Interferon-beta interrupts interleukin-6-dependent signaling events in myeloma cells.

Type I interferons (IFNs-alpha and IFN-beta) bind to a common receptor to exert strong antiproliferative activity on a broad range of cell types, including interleukin-6 (IL-6)-dependent myeloma cells.

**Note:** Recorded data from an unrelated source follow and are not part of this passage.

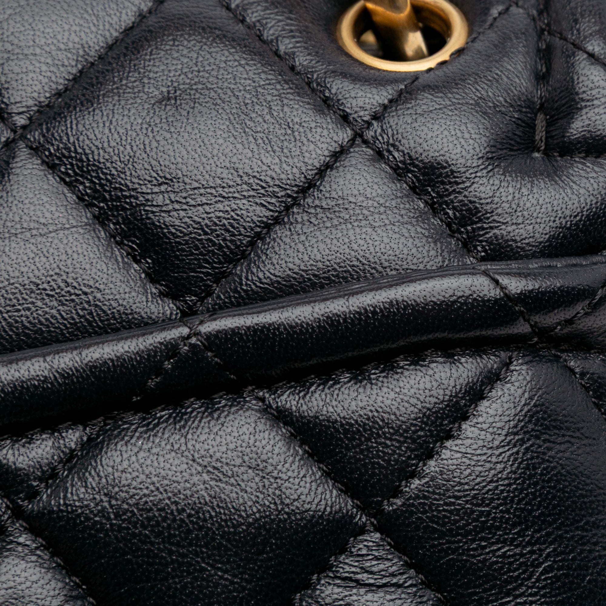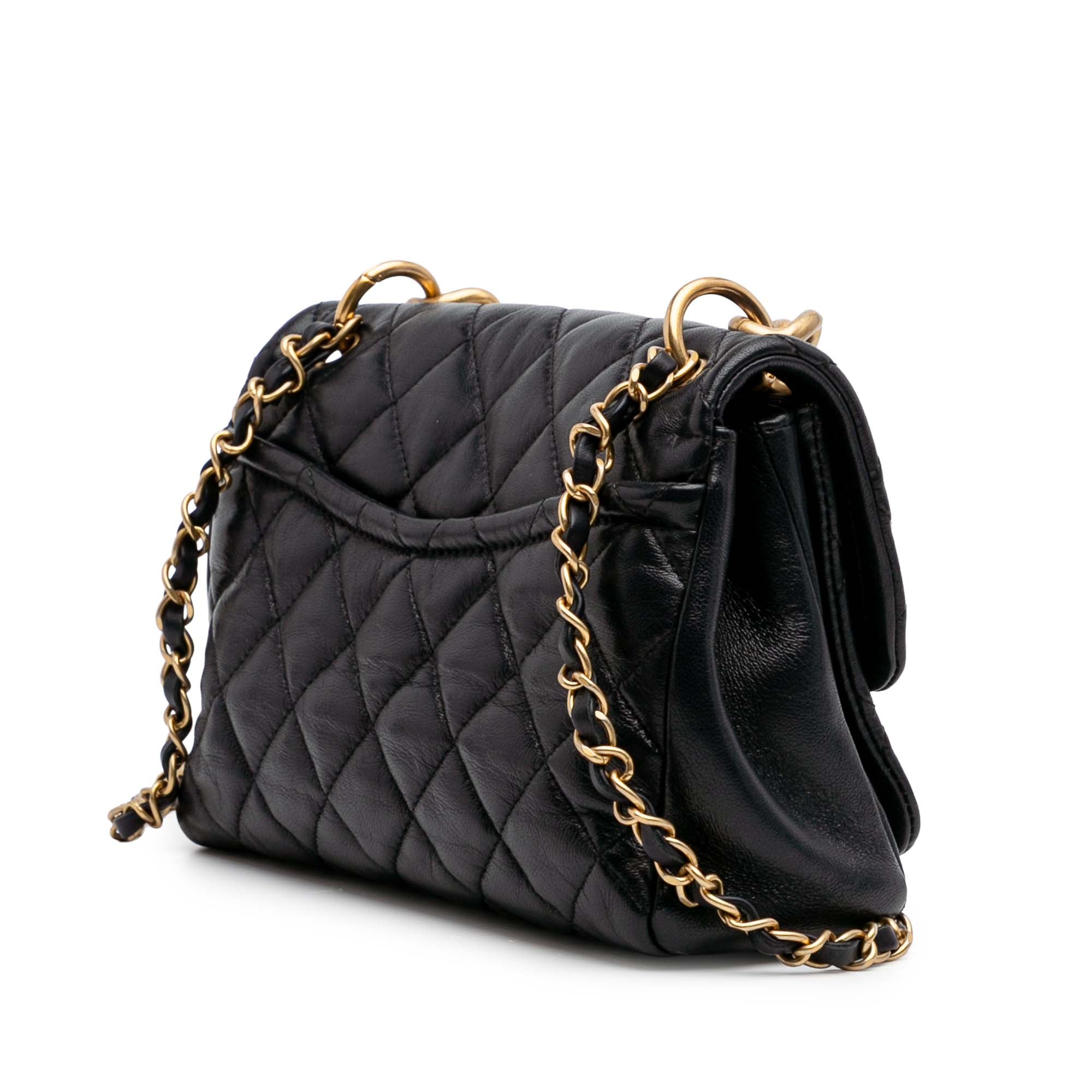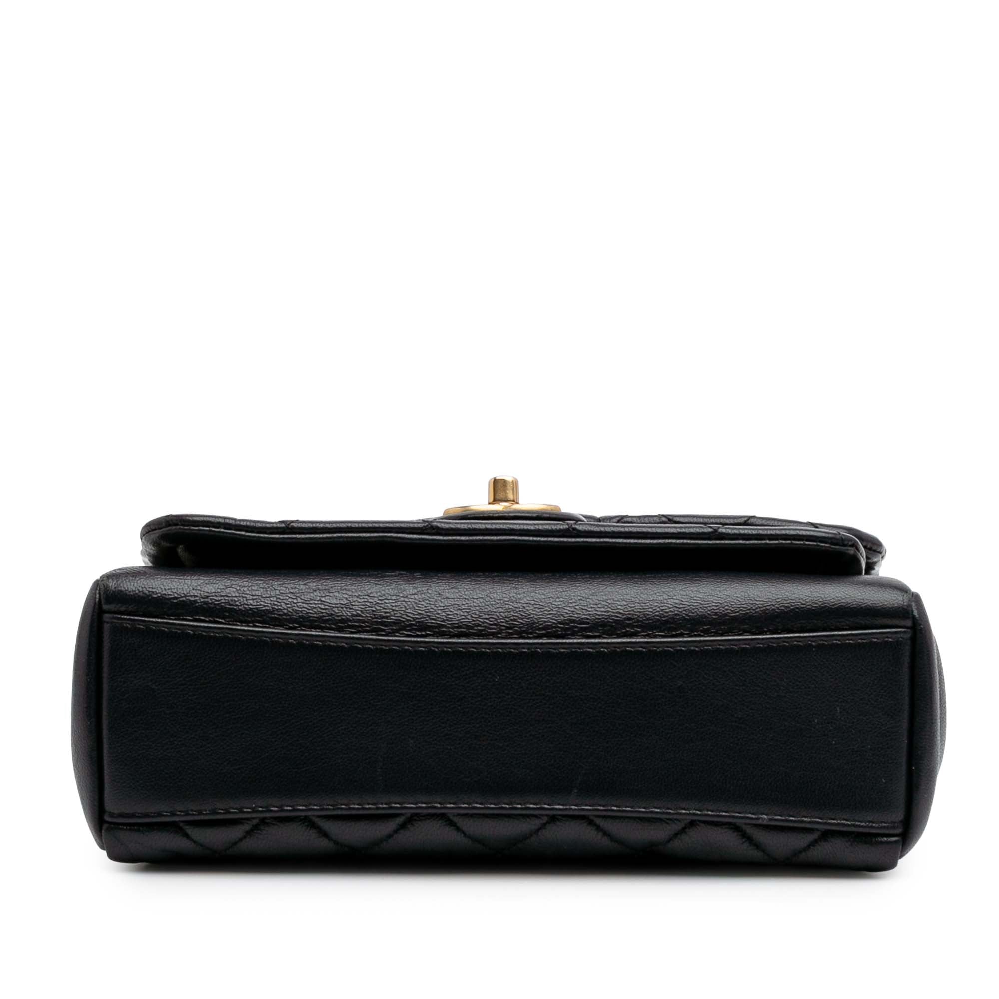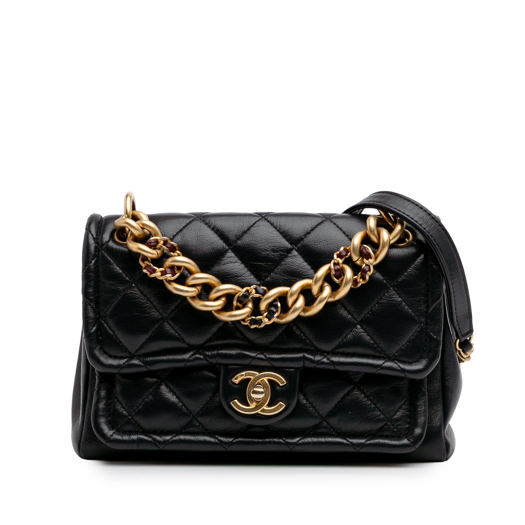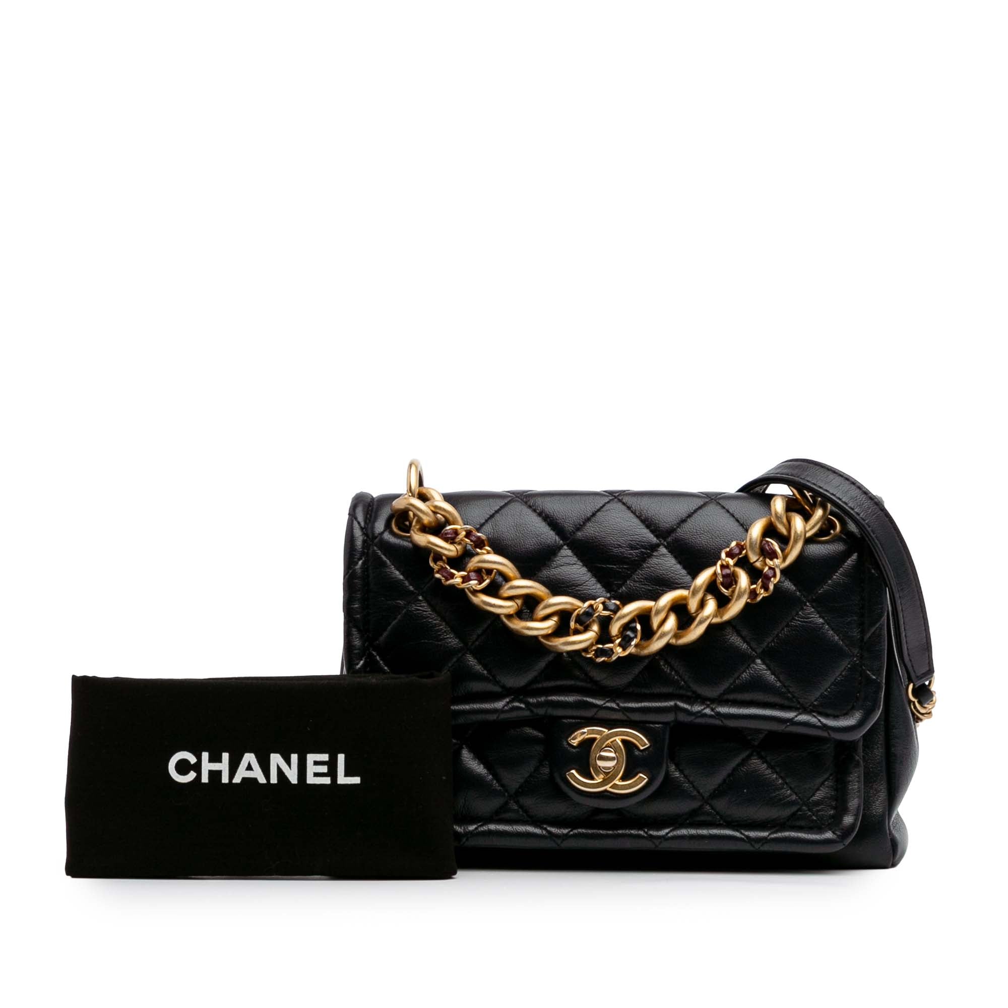 This flap bag features a quilted lambskin leather body, a chain link handle with leather woven chain links, a leather woven chain strap with leather guard, a front flap with CC turn-lock closure, an exterior back slip pocket, and interior zip and slip pockets. Inclusion: Dust bag. Retail Price: 5540.00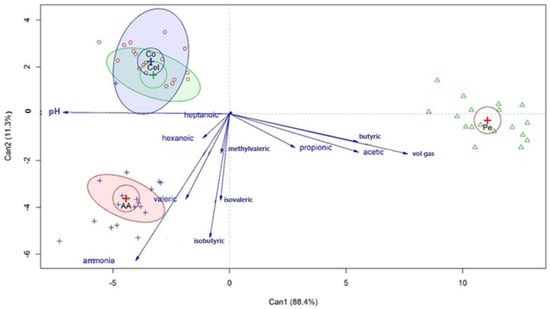 The descriptive data of the fecal pH and the fermentation products are presented in Table 4. The treatment effects were assessed for these data via a multivariate analysis (Table 5 and Figure 1).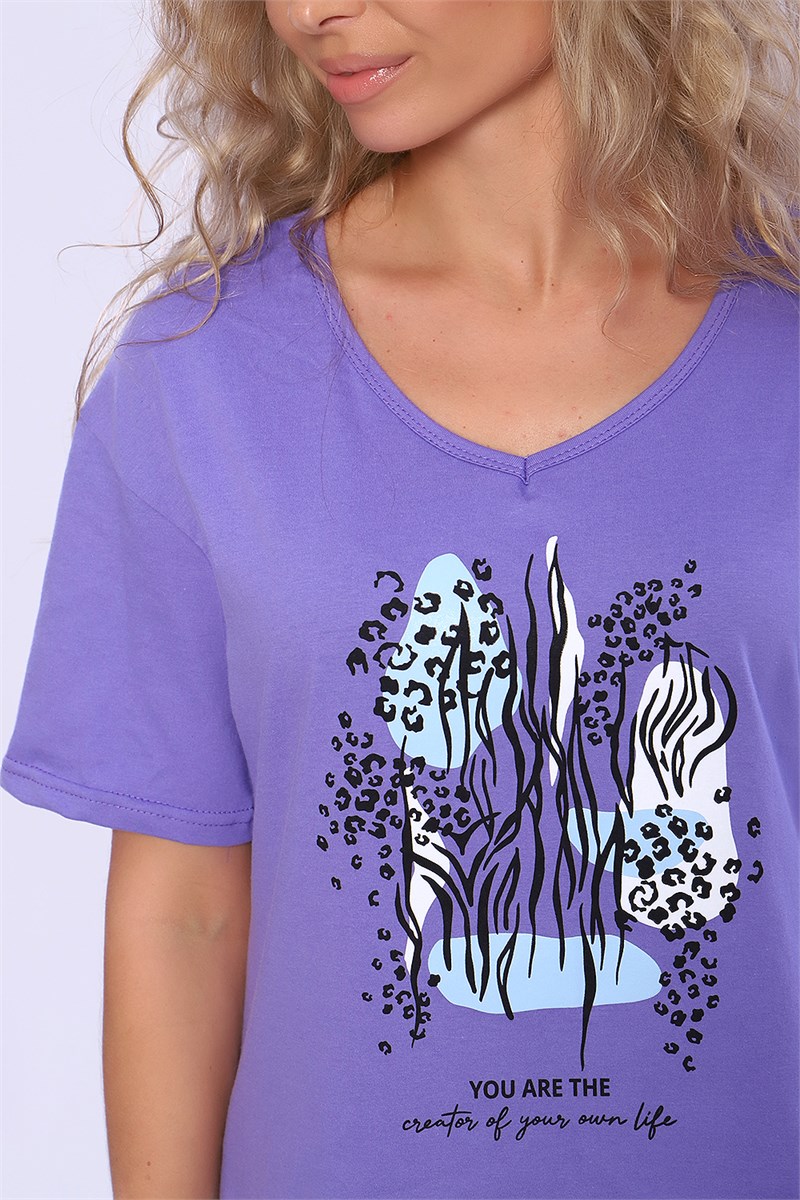 Костюм состоит из футболки и брюк. Брюки с карманами и на резинке внизу. Футболка с короткими рукавами, V - образной горловиной и небольшими разрезами в боковых швах.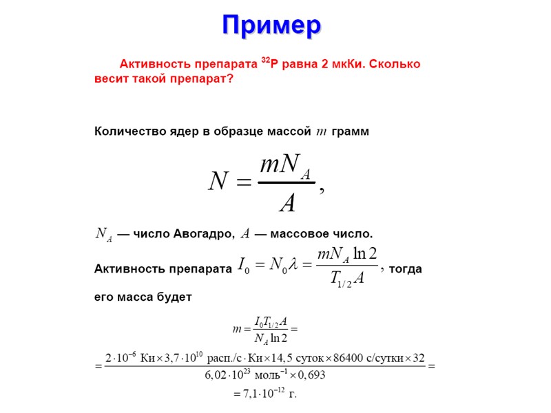 Задание на дом Задача 2. Найти активность альфа источника, содержащего 1 мг 248Cm. Задача 3. Имеется образец, содержащий 1.5 мг 249Bk. Определить количество изотопа 249Cf, образовавшегося в образце через 100 дней.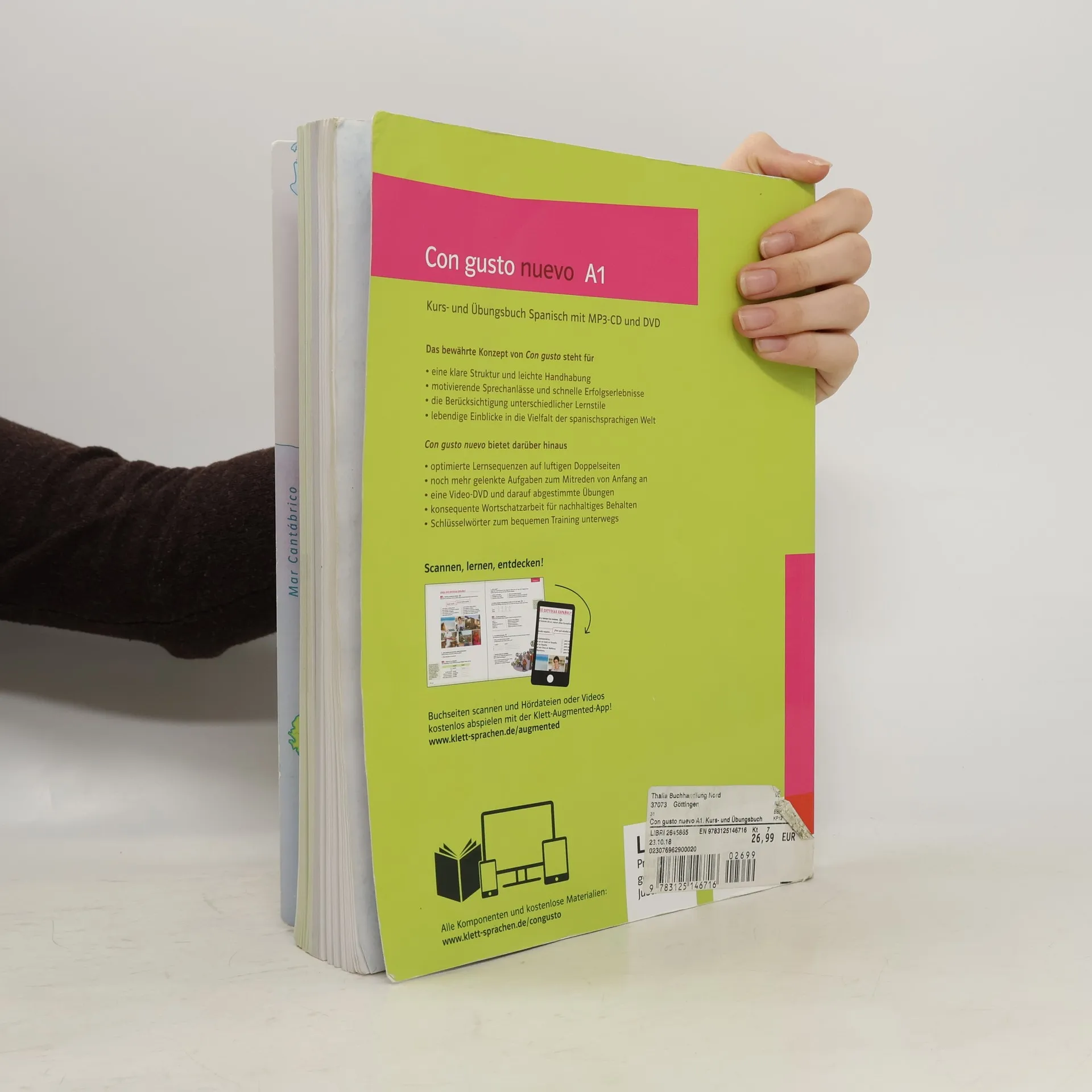 Con gusto nuevo - die Nummer 1 mit verbesserter Rezeptur! Die Neubearbeitung Con gusto nuevo bewahrt die Qualitäten seines Vorgängers: vom transparenten Lektionsaufbau über die motivierenden Sprechanlässe bis zum Eintauchen in die spanischsprachige Welt – das alles in Verbindung mit einer behutsamen Reduzierung der Stoffmenge und noch mehr praktischem Training. Freuen Sie sich auf: - Optimierte Lernsequenzen auf luftigeren Doppelseiten - Verstärkte Wortschatzarbeit - Charmante Videosequenzen mit Untertitel-Option (online) - Transparenter Lektionsaufbau - Motivierende Sprechanlässe von Anfang an - Eintauchen in die spanischsprachige Welt

In this study, we investigated the effect of IFN-beta pretreatment on IL-6-stimulated mitogenic signaling in the human myeloma cell line U266. IL-6 induced transient tyrosine phosphorylation of the IL-6-receptor signal-transducing subunit gp130, the gp130-associated protein tyrosine kinases Jak1,Jak2, and Tyk2, the phosphotyrosine phosphatase PTP1D/Syp, the adaptor protein Shc and the mitogen-activated protein kinase Erk2, and accumulation of GTP-bound p21ras. Prior treatment of U266 cells with IFN-beta downregulated IL-6- induced tyrosine phosphorylation of gp130, Jak2, PTP1D/Syp, Shc, and Erk2, and GTP-loading of p21ras. Further analysis indicated that treatment with IFN-beta disrupted IL-6- induced binding of PTP1D/Syp to gp130 and the adaptor protein Grb2; IFN-beta pretreatment also interfered with IL-6- induced interaction of Shc with Grb2 and a 145-kD tyrosine-phosphorylated protein. These results suggest a novel mechanism whereby type I IFNs interrupt IL-6- promoted mitogenesis of myeloma cells in part by preventing the formation of essential signaling complexes leading to p21ras activation.[1]